I drove away, pulling up the GIS maps and Google and Yahoo! and MSR Maps, which offered aerial views that could be overlaid with or exchanged for street maps. I found an unnamed access road that might take me partway down, and hoped the MOC’s vehicles were as good off-road as they were on. And hoped the extra weight of the armor wouldn’t be a hindrance to getting back out. I made it halfway down the gorge, finding a place to execute a tight three-point turn that was more like a ten-point turn, the wheels threatening to slide off the narrow trail and carry me all the way down. I parked facing back up the hill, drank a liter of water, added two more to my pack, and took off, down to the bottom, hoping to end up at the convergence of another creek. It was a harrowing descent, and I worked up a sweat.
The Smoky Mountains are rain forest, creating their own mini-climates at different elevations and disrupting the natural west-to-east trade winds. The temperatures dropped the lower I went, and the air grew progressively more damp. The morning sun disappeared, an afternoon angle needed to warm the west-facing mountain wall. A mist grew around me, wispy and thin in long vertical strips, the mist for which the Smoky Mountains had been named. It stuck to my skin and clothes, cold and clammy. Small rills and runnels formed and merged, splashing down vertical rock faces and cutting into the mountain floor. My sweat chilled and my breath was loud in my ears, my palms growing raw from roots and trees, sliding across bark and rock that decelerated my descent.
Though surely the land had been surveyed, it looked as though no one had been here since the deforestation in the 1920s. I found no human trails, but lots of rabbit sign, deer scat and tracks, and ample bear sign: dead trees clawed for grubs, a honeybee nest high in a tree showing fresh claw marks and bark damage where the bear had climbed. And once I saw what looked like mountain lion sign, old scat, dried and strewn. Beast held me still, a paw on my mind, studying the scat with all her senses. My mouth opened and upper lip pulled back, sucking the scent in through nose and mouth, but my mostly human scenting ability left Beast nearly head-blind. She looked up the mountain, and spotted a tree with vertical claw markings from the ground up to about two feet. Mountain lion? I thought at her.
Finally she thought at me, uncertain, Bobcat. Male.
When? I asked.
Last snow time. Maybe.
Last year. Winter. I stood still, bringing in the scents of the place, smelling rushing water rising on the breeze, deer, bear, rabbit, opossum and raccoon, numerous birds, the dry reek of snake musk, polecat, and skunk. No large cats. I moved on down the mountain, Beast alert and curious. Hunting dead-fish-smell green thing? she asked.
I laughed, the only human sound in the gorge. “Yes.”
Kill and eat it?
“No. Definitely not. It’s hunting the werewolves.”

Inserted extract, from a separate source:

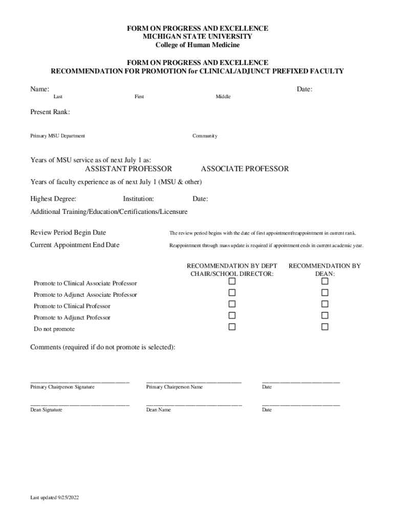 RECOMMENDATION FOR PROMOTION for CLINICAL/ADJUNCT PREFIXED FACULTY
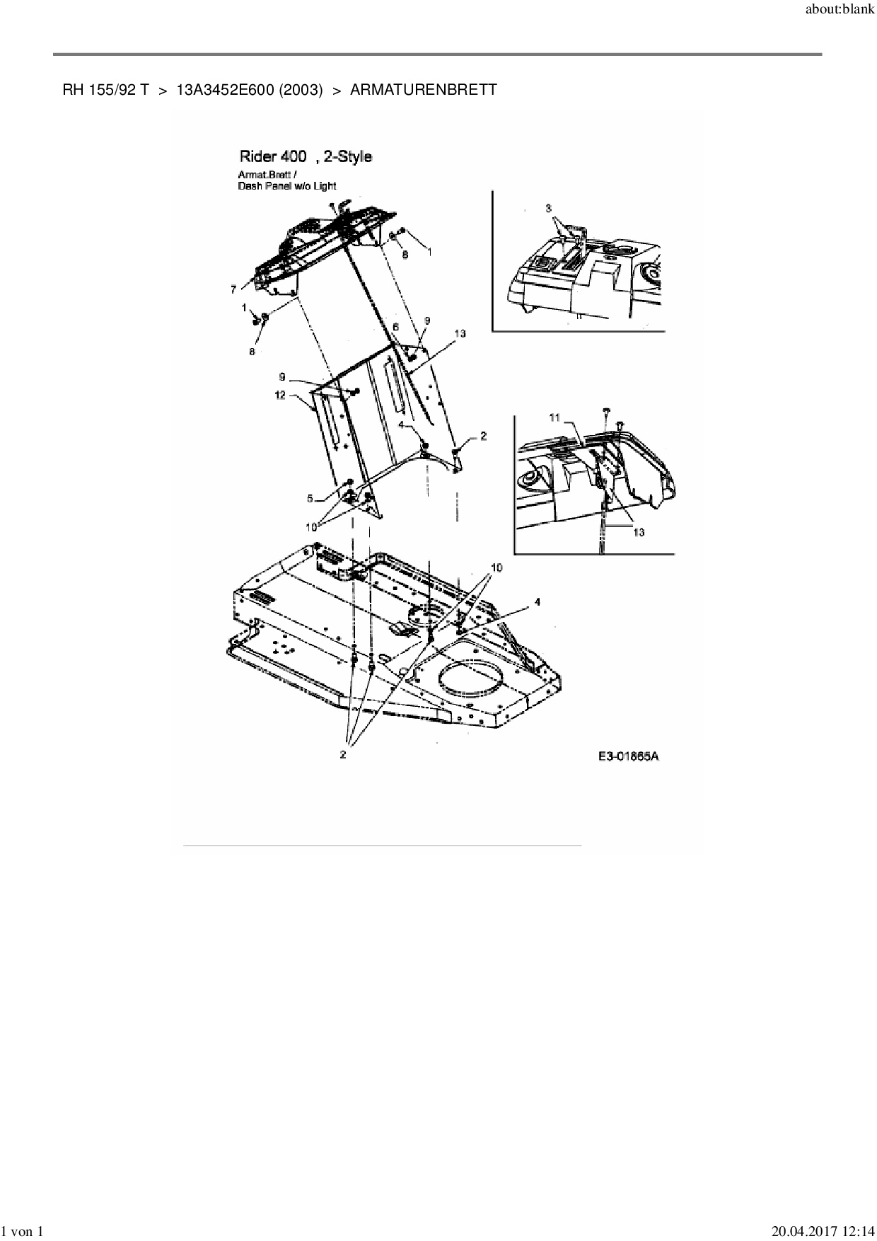 Ersatzteile für Rasentraktor MTD RH 155/92 T aus der Zeichnung Armaturenbrett 1:

Beast hissed, deep in my mind. Kill and leave wolves to rot. Killers of winter food. Thieves of meat. Wasters of meat. There were few more horrible insults from Beast than wasters of meat. She said nothing else, but I appreciated her focus. She often saw and smelled things that I missed or ignored because I didn’t know what they meant. Like the scat and the claw marks.
I reached bottom an hour after I left the sheriff, and stopped on the edge on the creek, straddling a downed tree. The movement of water was quiet here, where I sat on the bank in the sun, my feet shuffled beneath last fall’s leaves, but I could hear the roar of water just ahead, where I thought the confluence should be, and from upstream, where it obviously took a drop. Hurricane Ivanna was sweeping slowly up the Mississippi River basin and dumping torrents of water to our west. Projections had it turning east, right for us, with forecasts of four to six inches of rain over two days. Soon this creek would be a raging torrent.
Lunch was protein bars, nuts, three brownies, and two bananas. It left me feeling full but not satisfied. I stored the paper and plastic, and tossed the peels high on the bank, knowing some veggie-loving animal would eat them despite the bitter taste. The pack much lighter, I headed downstream, watching the banks for grindy-sign. The sound of water on stone grew and the air was wetter with mist.